オノレ・ド・バルザック(Honoré de Balzac)は、19世紀のフランスの現実主義の文学作家です。彼の90篇の長編・短編からなる小説群『人間喜劇』は人類の文学史上の奇跡として高く評価されています。

バルザックは1799年に生まれ、『レ・ミゼラブル』で著名なヴィクトル・ユーゴーや、アレクサンドル・デュマの親友でもあります。特に文壇の大物が集まっていたフランスでは、バルザックは飛び切り優れた作家として、後の作家たちの努力目標となりました。

 

オノレ・ド・バルザック (パブリックドメイン)

 

バルザックは1841年から『人間喜劇』を創作し、当初は137篇の小説を書くつもりでした。しかし、残念なことに、91篇目の小説がバルザックの遺作となったのです。
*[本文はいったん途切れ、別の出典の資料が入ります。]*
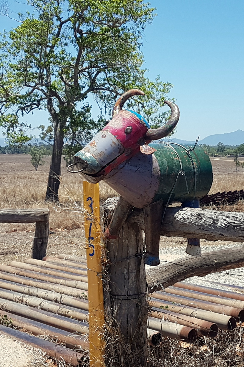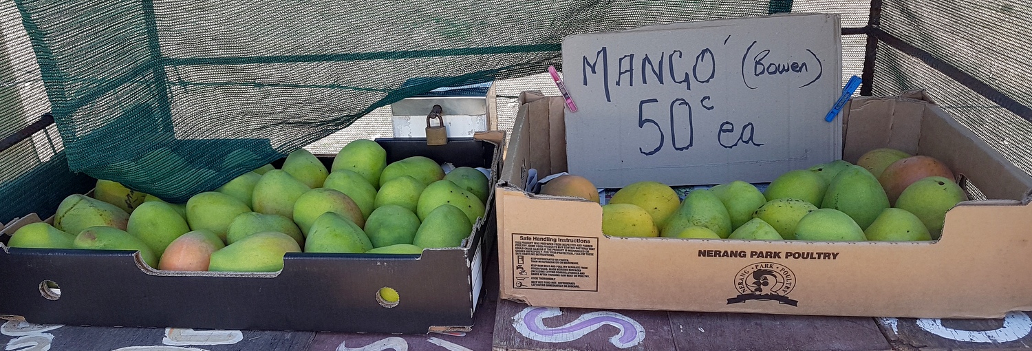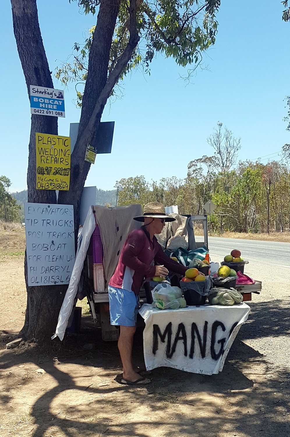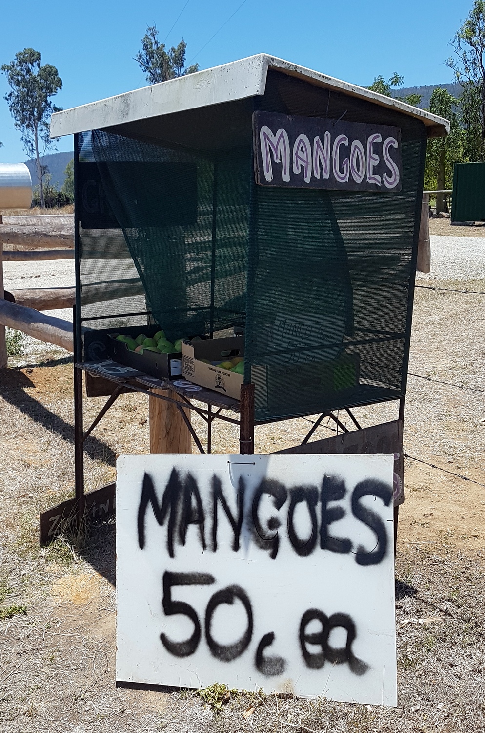 Sur la route, on croise des stands de vente de mangues où on ne peut que s’arrêter… C’est à partir de là qu’on commence à voir ces surprenantes boites aux lettres en forme d’animaux réalisées avec des bidons de laits.
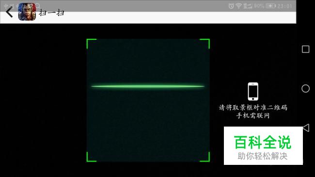 在手机上面我们会看到右上角有四个游戏事件图标。第二个扫码图标就是我们要用的图标。点击它。就会看到一个扫码线在上下波动。
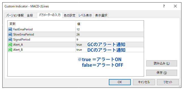 MACDを2本線表示+GC・DCを通知する「MACD-2Lines」
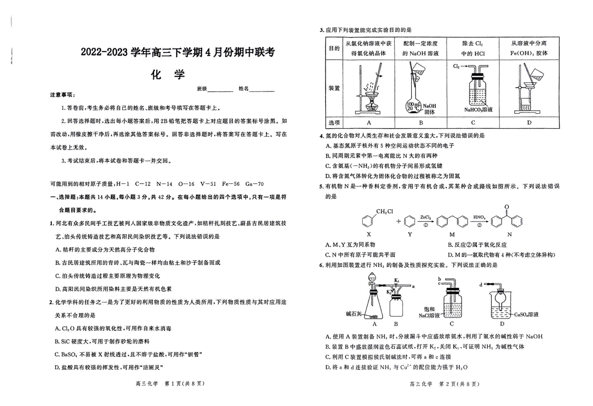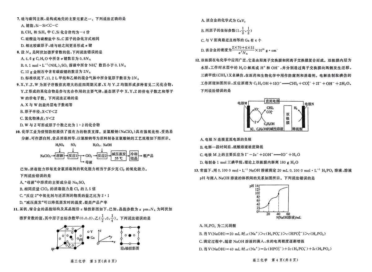 2023河北大数据四高三化学试题
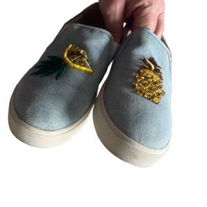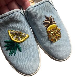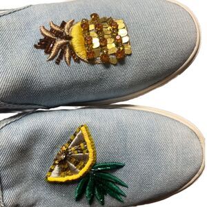Stylish denim slip-on shoes. Features pineapple and lemon beaded embroidery. Casual slip on sneaker walking shoe style
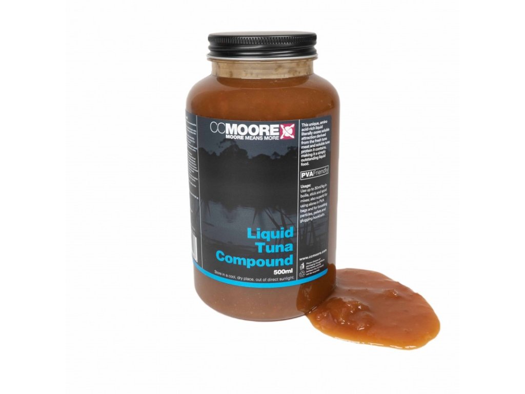 CC Moore Tekutá potrava Liquid Tuna Compound 500ml je vysoko atraktívna tekutá prísada šetrná k PVA obsahujúca vysoko kvalitný tuniakový olej, rozpustný tuniakový proteínový extrakt a vysoký obsah mixovaného tuniakového mäsa.Liquid Tuna Compound je populárna prísada do boilies a návnad, aditívum alebo zálievka, ktorý stimuluje silnú odozvu kŕmenia. Používa sa ako booster alebo ako zložko do rôznych mixov, ktorá tiež vytvára vysoko atraktívny olejový oblak čerstvých častíc tuniaka. Spája všetky skvelé rybie atraktanty získané z čistého celého tuniaka a spája ich do jedného neodolateľného tekutého krmiva.
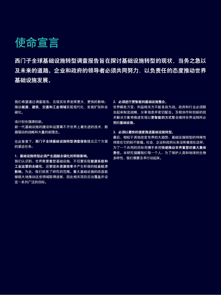 西门子全球基础设施转型调查报告旨在探讨基础设施转型的现状、当务之急以及未来的道路。企业和政府的领导者必须共同努力,以负责任的态度推动世界基础设施发展。
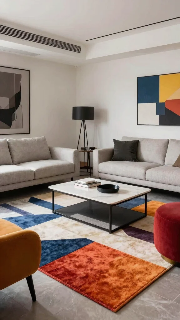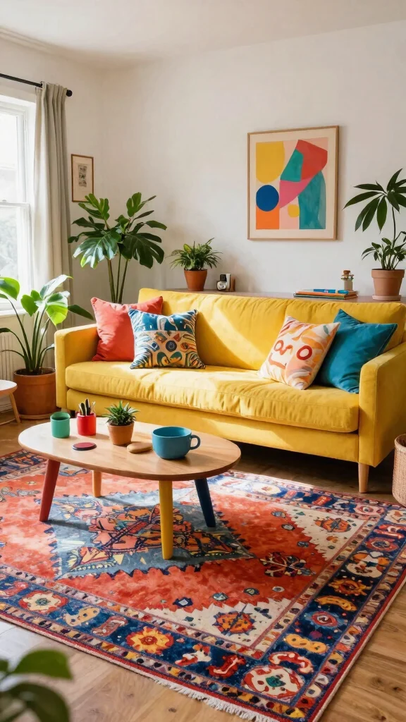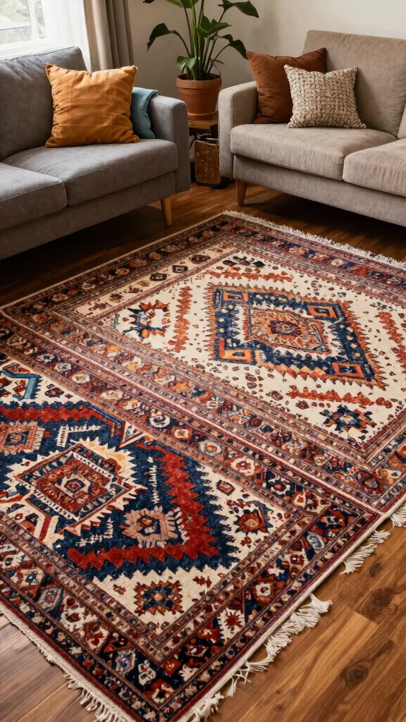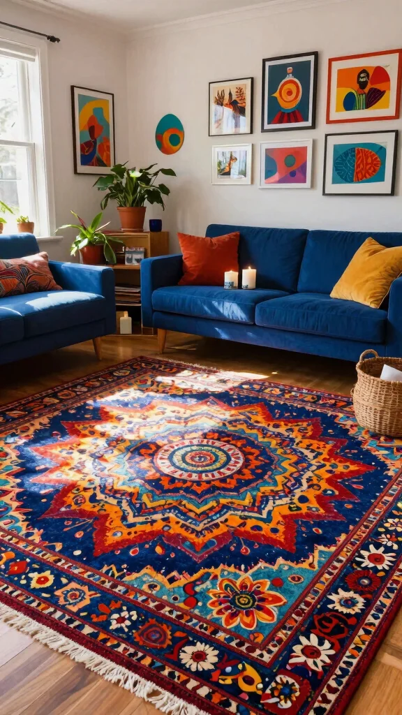 – Balance vibrant rugs with neutral furniture elements.

バルザックの『人間喜劇』は具体的には風俗研究・哲学的研究・分析的研究の3つに分類されており、中でも風俗研究の内容が最も豊富で、さらに私生活風景・地方生活風景・パリ生活風景・政治生活風景・軍隊生活風景・田園生活風景の6つに分かれます。著名な『ゴリオ爺さん』や『ウジェニー・グランデ』、『幻滅』はこの風俗研究に分類されています。

『人間喜劇』は当時のフランス社会の各階層をそのまま反映した鏡であるだけでなく、中の人物像は各年代、各社会形式における人類共通の典型的な例でもあるのです。

バルザックは2472人の各年代、各階級における独特の個性を持った人物像を作り上げました。例えば、『ゴリオ爺さん』の中のパリで法律を学ぶ貧しい学生ラスティニャックは、始めはヴォートラン、ゴリオ、ボーセアン子爵夫人たちのいる冷酷残忍なパリの社会に嫌悪感を抱いていたものの、後には、手段を選ばず、上流社会に入り込んで悪人たちに同調するようになりました。ゴリオは2人の娘のためにすべてを費やしたのに、2人の不孝な娘は父親の葬式にも姿を現しませんでした。すべてを目撃したラスティニャックは自分の最後の優しさを葬り、パリに向かって「さあ今度はお前と僕の番だ!」と叫びました。

 

『人間喜劇』「ゴリオ爺さん」(パブリックドメイン)

 

『ゴリオ爺さん』が後世に与えた影響は大きく、「ラスティニャック」も「出世のためならどんな手も使う野心家」を指す代名詞となりました。
人類社会は大きな舞台です。様々な人物が異なる歴史の時期に登場し、波乱万丈で、変転浮沈の一生を演じています。古くから今に至るまで、誰もが役者であり、観客でもあるのです。

1850年8月のある日、未完成の『人間喜劇』を残して、バルザックは人生の舞台の幕を下ろしました。ヴィクトル・ユーゴーなど多くの著名作家が見守る中、バルザックの棺は彼の遺言に従って、ペール・ラシェーズ墓地に埋葬されました。

バルザックの退場はその葬式でユーゴーが述べた哀悼の言葉のように、「今日、バルザックはここに埋葬された。しかし、同時に彼は栄誉の頂点に上り詰めたのだ。今後も我々の頭上で、雲の上で、フランスの星として永遠に輝き続けるであろう……」バルザックの生涯の貢献を振り返れば、この最後の部分を「歴史の中で輝き続けるであろう!」に変えても良いでしょう。